Stored records
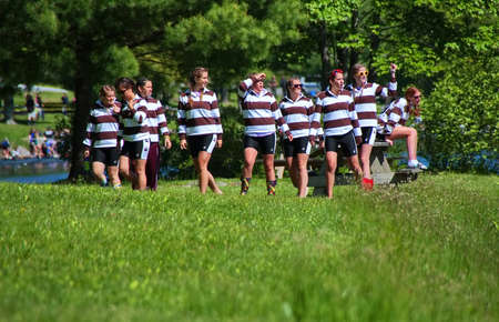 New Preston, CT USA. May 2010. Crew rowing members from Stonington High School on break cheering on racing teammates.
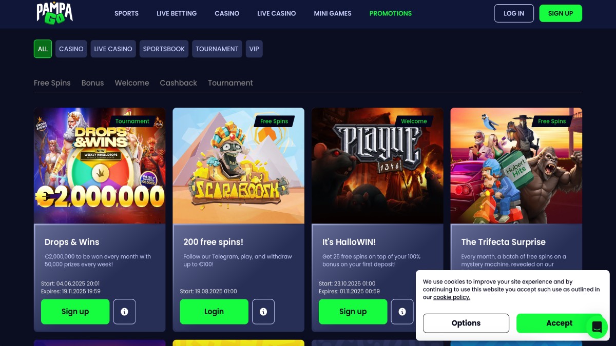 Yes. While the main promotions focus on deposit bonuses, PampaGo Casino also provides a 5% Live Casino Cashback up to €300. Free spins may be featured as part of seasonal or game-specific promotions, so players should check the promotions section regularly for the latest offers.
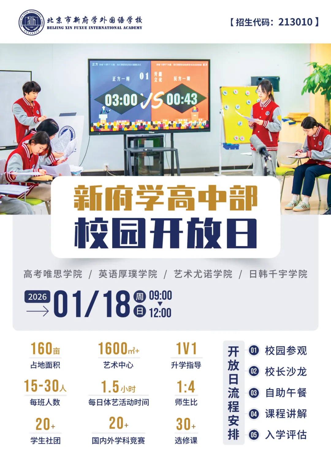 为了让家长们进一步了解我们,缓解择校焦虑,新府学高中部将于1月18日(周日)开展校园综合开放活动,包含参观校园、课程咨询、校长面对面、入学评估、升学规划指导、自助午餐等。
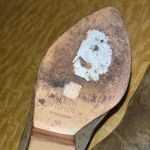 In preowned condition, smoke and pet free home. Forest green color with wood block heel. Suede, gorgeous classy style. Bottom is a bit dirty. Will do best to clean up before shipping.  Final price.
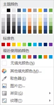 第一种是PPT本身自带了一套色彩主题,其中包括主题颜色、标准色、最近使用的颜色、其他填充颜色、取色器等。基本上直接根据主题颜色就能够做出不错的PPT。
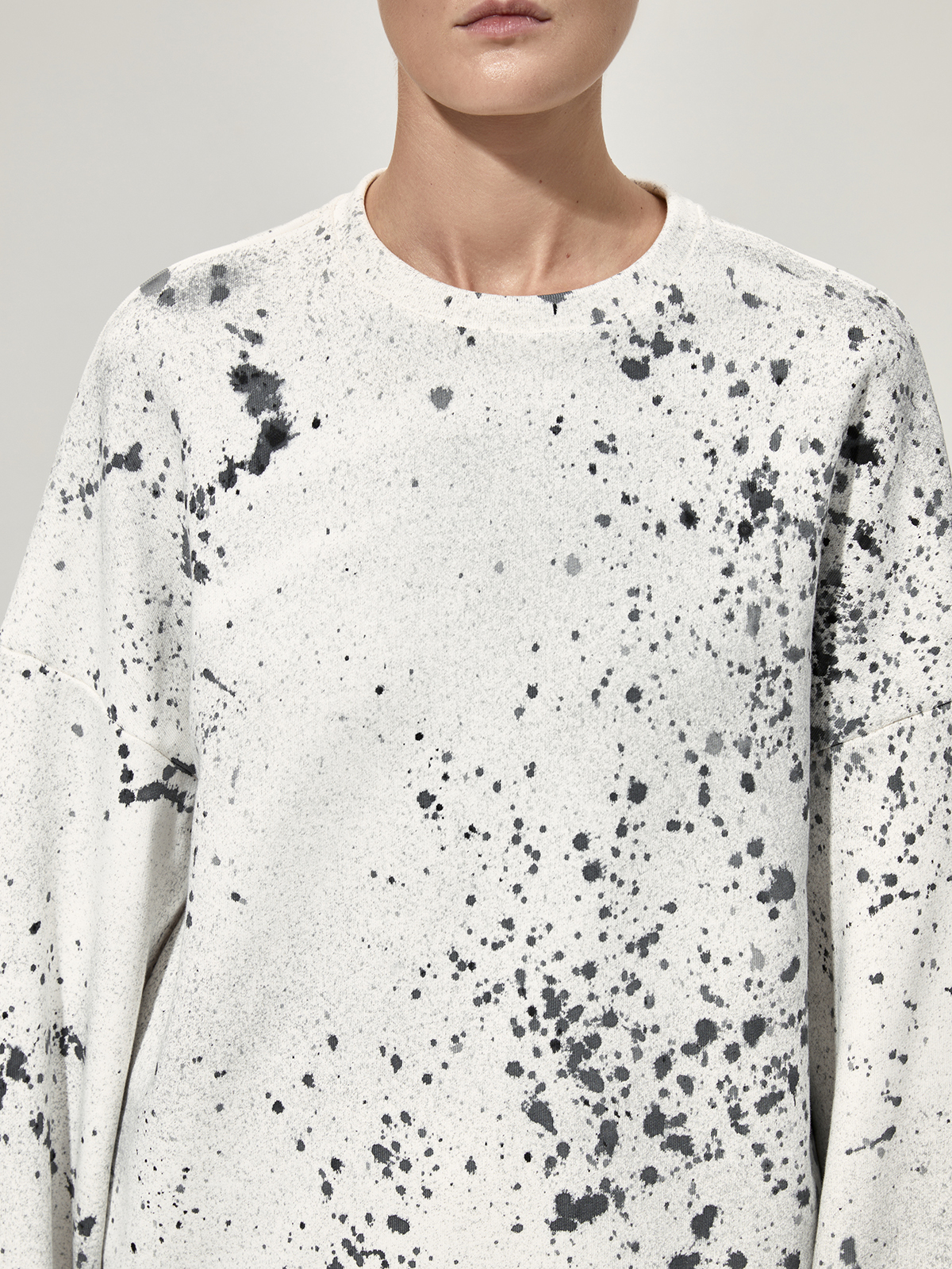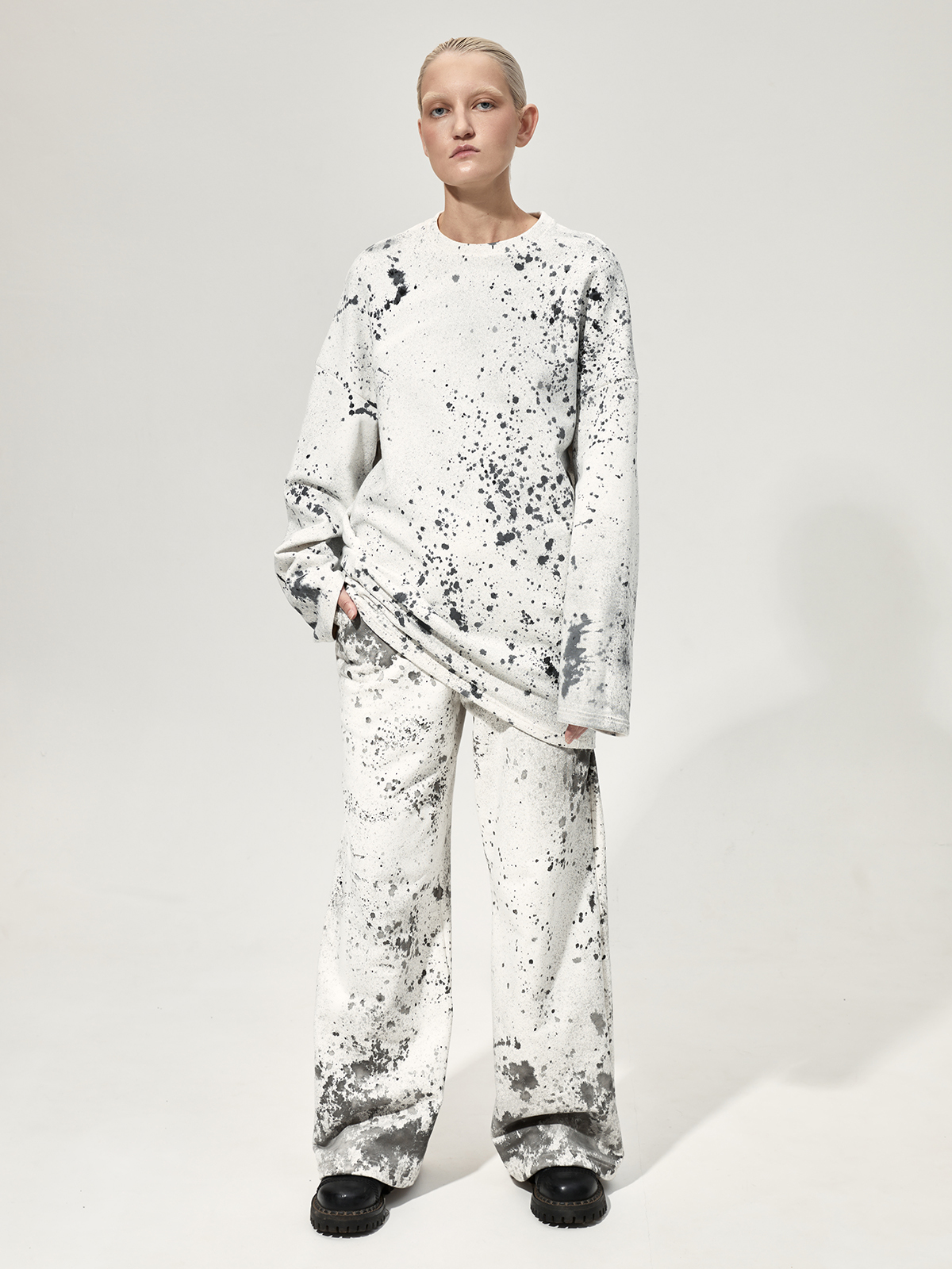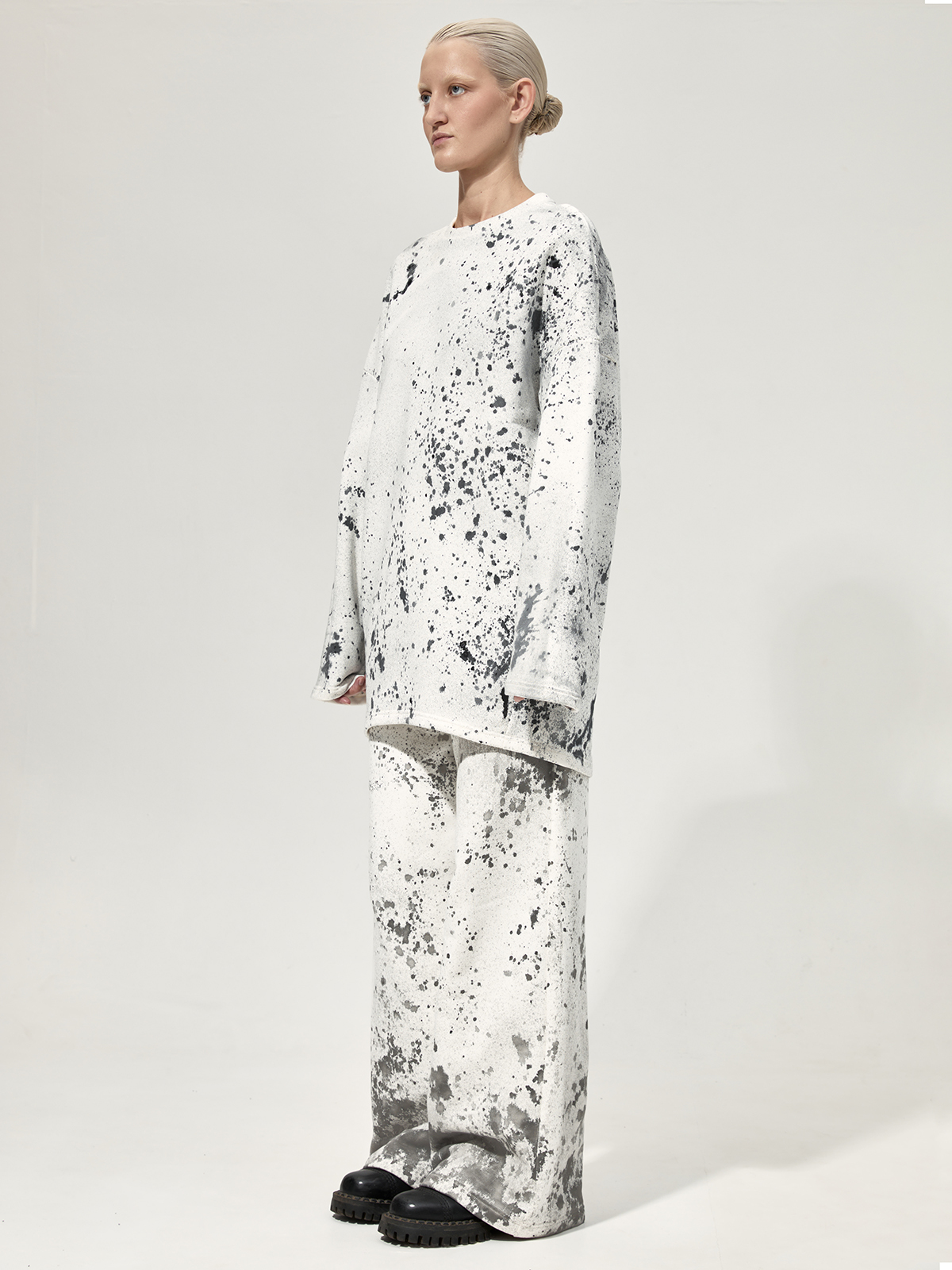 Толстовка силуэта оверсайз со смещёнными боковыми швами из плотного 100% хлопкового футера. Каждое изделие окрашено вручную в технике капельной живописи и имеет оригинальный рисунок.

WHAT NEEDS TO BE DONE -
After dropping the pictures, reproduce exactly the lines from the first line of the entries through the line containing "第一种是PPT本身自带了一套", both included.

WRITTEN REPLY -
 New Preston, CT USA. May 2010. Crew rowing members from Stonington High School on break cheering on racing teammates.
 Yes. While the main promotions focus on deposit bonuses, PampaGo Casino also provides a 5% Live Casino Cashback up to €300. Free spins may be featured as part of seasonal or game-specific promotions, so players should check the promotions section regularly for the latest offers.
 为了让家长们进一步了解我们,缓解择校焦虑,新府学高中部将于1月18日(周日)开展校园综合开放活动,包含参观校园、课程咨询、校长面对面、入学评估、升学规划指导、自助午餐等。
 In preowned condition, smoke and pet free home. Forest green color with wood block heel. Suede, gorgeous classy style. Bottom is a bit dirty. Will do best to clean up before shipping.  Final price.
 第一种是PPT本身自带了一套色彩主题,其中包括主题颜色、标准色、最近使用的颜色、其他填充颜色、取色器等。基本上直接根据主题颜色就能够做出不错的PPT。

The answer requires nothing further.